WHAT THIS TASK INVOLVES
Return, with both end lines included, exactly what the data below holds from the line with "早晨开门看天依然是阴天,还是" through the line with "Figur 9 illustrerer", though not the pictures.

DATA IN THIS EXERCISE
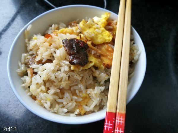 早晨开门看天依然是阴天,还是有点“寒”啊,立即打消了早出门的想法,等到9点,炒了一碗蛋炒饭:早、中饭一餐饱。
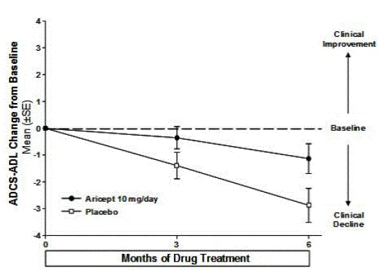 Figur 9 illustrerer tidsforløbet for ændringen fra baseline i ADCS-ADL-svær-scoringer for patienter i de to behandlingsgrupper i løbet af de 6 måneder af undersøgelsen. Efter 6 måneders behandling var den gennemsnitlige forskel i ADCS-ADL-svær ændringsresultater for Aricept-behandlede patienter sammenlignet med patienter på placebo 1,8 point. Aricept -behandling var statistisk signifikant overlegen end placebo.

...

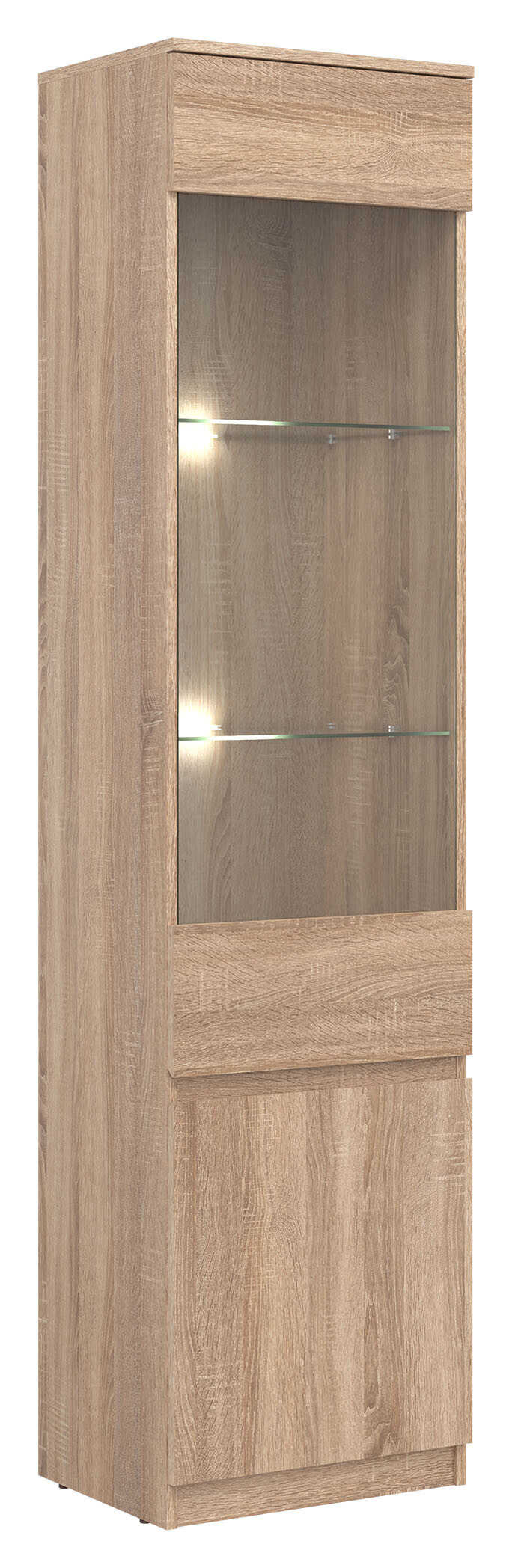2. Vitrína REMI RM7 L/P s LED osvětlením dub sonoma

ANSWER TO THIS PROBLEM
 早晨开门看天依然是阴天,还是有点“寒”啊,立即打消了早出门的想法,等到9点,炒了一碗蛋炒饭:早、中饭一餐饱。
 Figur 9 illustrerer tidsforløbet for ændringen fra baseline i ADCS-ADL-svær-scoringer for patienter i de to behandlingsgrupper i løbet af de 6 måneder af undersøgelsen. Efter 6 måneders behandling var den gennemsnitlige forskel i ADCS-ADL-svær ændringsresultater for Aricept-behandlede patienter sammenlignet med patienter på placebo 1,8 point. Aricept -behandling var statistisk signifikant overlegen end placebo.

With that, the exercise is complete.